TITLE 24. TRANSPORTATION AND MOTOR VEHICLES
DEPARTMENT OF TRANSPORTATION
Final Regulation
 
 
 
 REGISTRAR'S NOTICE: The
 Department of Transportation is claiming an exemption from Article 2 of the
 Administrative Process Act in accordance with § 2.2-4006 A 2, which
 excludes regulations that establish or prescribe agency organization, internal
 practice or procedures, including delegations of authority. The Department of
 Transportation will receive, consider, and respond to petitions by any
 interested person at any time with respect to reconsideration or revision.
 
  
 
 Title of Regulation: 24VAC30-17. Solicitation and Use
 of VDOT Buildings and Grounds for Nonwork Purposes (repealing 24VAC30-17-10 through
 24VAC30-17-90). 
 
 Statutory Authority: § 33.2-210 of the Code of Virginia.
 
 Effective Date: September 3, 2020. 
 
 Agency Contact: Jo Anne Maxwell, Director, Governance
 and Legislative Affairs, Department of Transportation, 1401 East Broad Street,
 Richmond, VA 23219, telephone (804) 786-1830, or email joanne.maxwell@vdot.virginia.gov.
 
 Summary:
 
 Based on a periodic review of 24VAC30-17, this action
 repeals Solicitation and Use of VDOT Buildings and Grounds for Nonwork Purposes
 (24VAC30-17), regarding criteria and procedures the Virginia Department of
 Transportation (VDOT) follows in granting access to and use of VDOT facilities
 for purposes other than transacting official state business. This policy
 generally applies to the central office, district offices, and residencies that
 have dedicated space for meetings. VDOT is repealing the regulation and
 retaining two sections as written internal agency policy.
 
 VA.R. Doc. No. R20-6436; Filed July 13, 2020, 12:04 p.m. 

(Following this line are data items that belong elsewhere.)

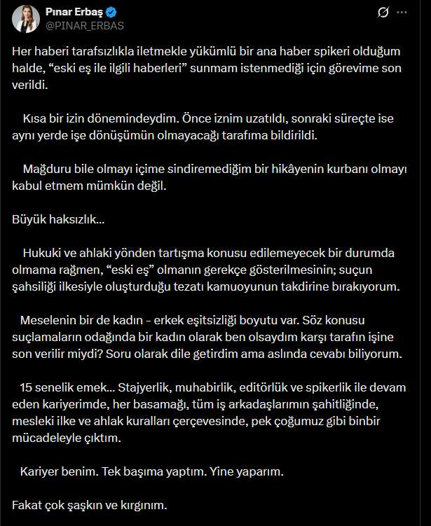 Show TV Ana Haber Sunucusu Pınar Erbaş, sosyal medya hesabı üzerinden yaptığı açıklamada; kanal yönetimi tarafından işine son verildiğini duyurdu. Erbaş, "Büyük haksızlık..." ifadelerini kullandı.
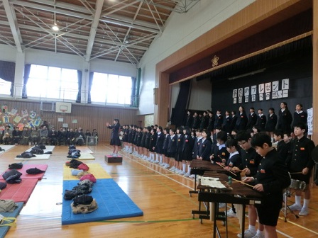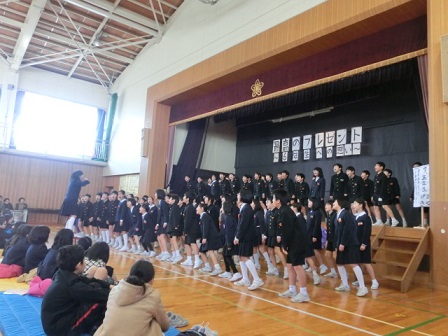 6年生:旅立ち 在校生の気持ちに応えて6年生が歌ってくれました。自分たちで考えた振り付け付です。
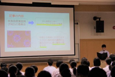 記事読み、課題を深掘り 鵬翔中でNIE学習発表会
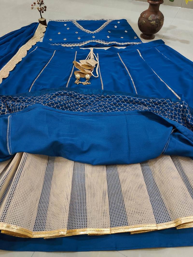Royal Blue Faux Georgette Designer Lehenga Choli
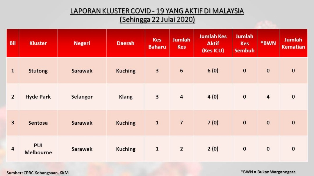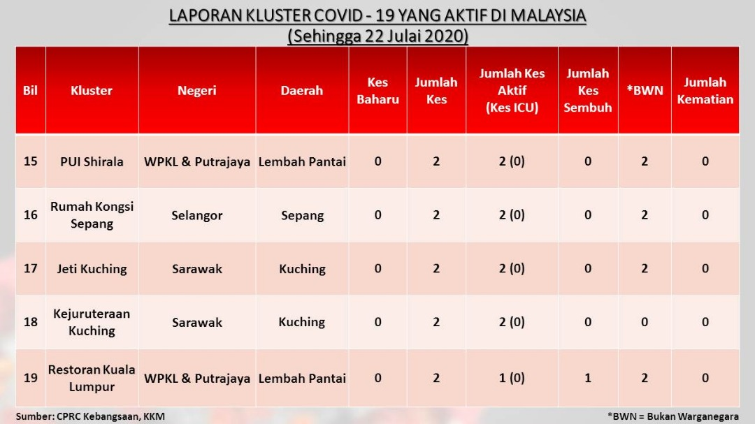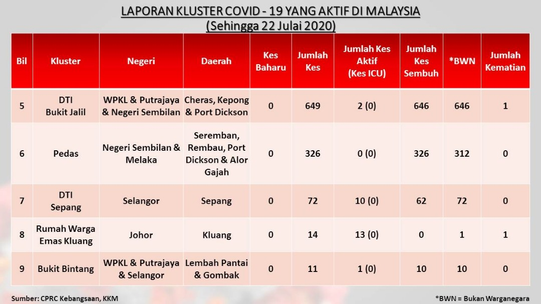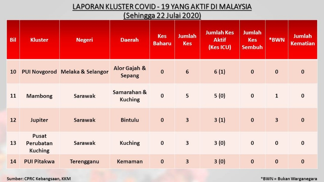Laporan Kluster COVID-19 Aktif Di Malaysia 22/07/2020 Asrul Siaran Media 22 July 2020 Hits: 897 Rating: ( 1 Rating ) User Rating: 5 / 5 Please Rate Vote 1 Vote 2 Vote 3 Vote 4 Vote 5 Facebook Twitter Prev Next
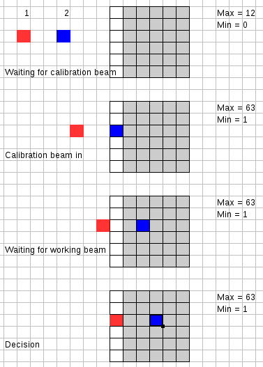 Поясняю. Опускающийся вместе с головкой блок датчика скользит по столу 2-мя пятнами. Сенсор с его полем зрения установлен перпендикулярно столу. Поле зрения неподвижно. Требуемый, он же исследуемый участок опускания головки начинается с момента входа первого пятна в поле зрения сенсора (касание пятном поля зрения). Далее пятно от первого луча проходит всё поле зрения сенсора и покидает его. Сенсор, как сказал Андрей, перестал судорожно цепляться за пятно, - исходное состояние сенсора, которое было до входа первого пятна, стали равными для последующего входа в поле зрения сенсора второго пятна.
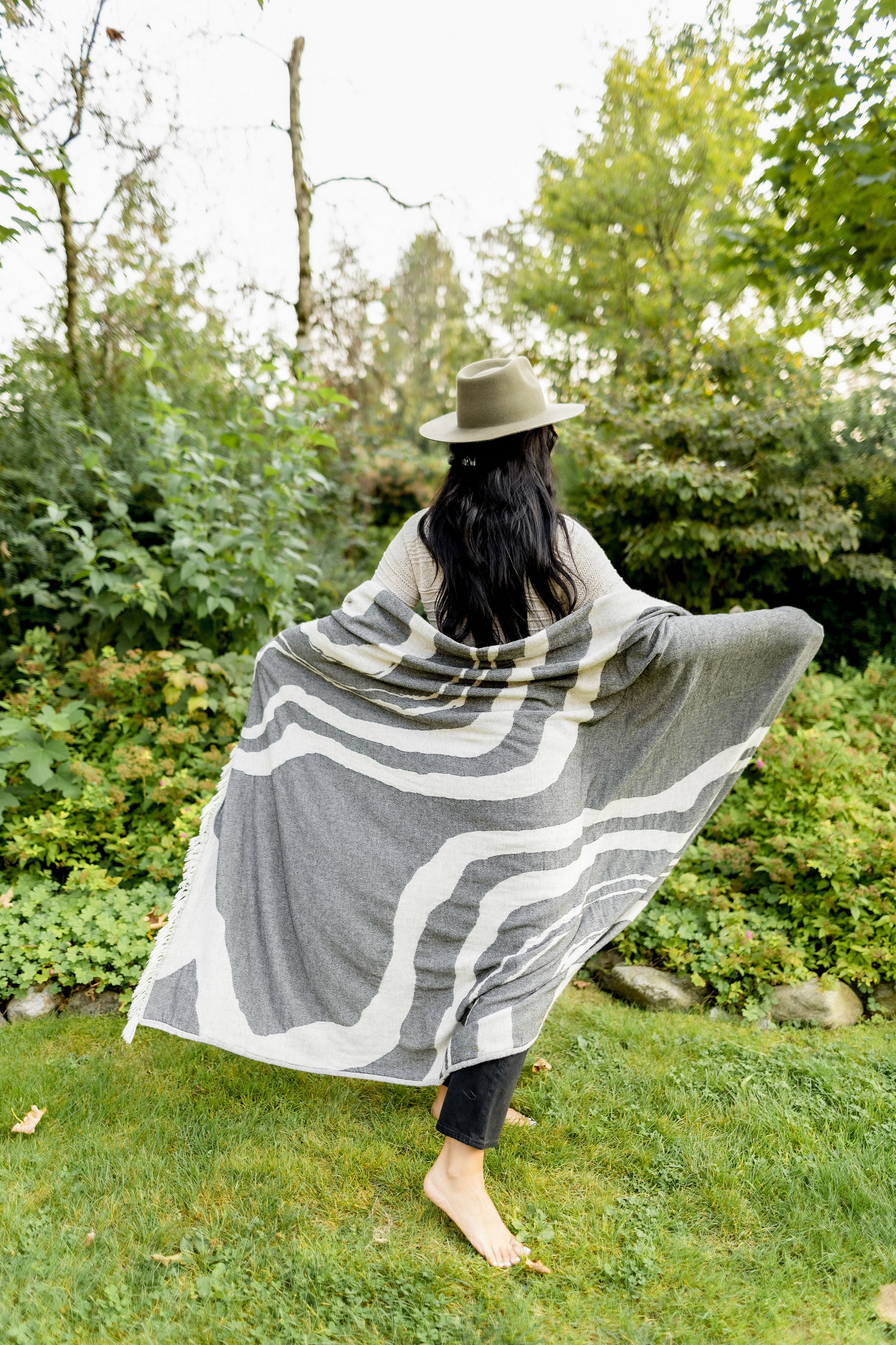 The Mara throw is 'that missing piece' for any home. Inspired by nature, the abstract waters-edge pattern and natural woven texture is the perfect blend of modern and organic design. The reversible jacquard design allows you to choose a light or dark side to suit your space (or mood) while luxurious blend of Turkish cotton and Lambswool takes this throw to a whole new level of cozy.

TITLE 24. TRANSPORTATION AND MOTOR VEHICLES
DEPARTMENT OF TRANSPORTATION
COMMONWEALTH TRANSPORTATION BOARD
 
 Final Regulation
 
 
 
 REGISTRAR'S NOTICE: The
 Commonwealth Transportation Board is claiming an exemption from the
 Administrative Process Act in accordance with § 2.2-4002 B 11 of the Code
 of Virginia, which exempts regulations relating to traffic signs, markers, or
 control devices.
 
  
 
 Title of Regulation: 24VAC30-570. Procedures for Inclusion
 of Routes into the Non-Interstate Qualifying Network and Virginia Access
 Systems (repealing 24VAC30-570-10). 
 
 Statutory Authority: § 33.2-210 of the Code of Virginia.
 
 Effective Date: September 3, 2020. 
 
 Agency Contact: Jo Anne Maxwell, Director, Governance
 and Legislative Affairs, Department of Transportation, 1401 East Broad Street,
 Richmond, VA 23219, telephone (804) 786-1830, or email joanne.maxwell@vdot.virginia.gov.
 
 Summary:
 
 This action repeals 24VAC30-570 based on a periodic review.
 The existing regulation merely incorporates by reference the procedures for
 requesting the inclusion of routes in the network of highways for use by
 over-dimensional vehicles as designated by either the Commonwealth
 Transportation Board or the Commissioner of Highways. The procedures impose no
 legal burden on the public and can be maintained as a guidance document or
 internal policy after the regulation is repealed.
 
 VA.R. Doc. No. R20-6417; Filed July 13, 2020, 12:05 p.m.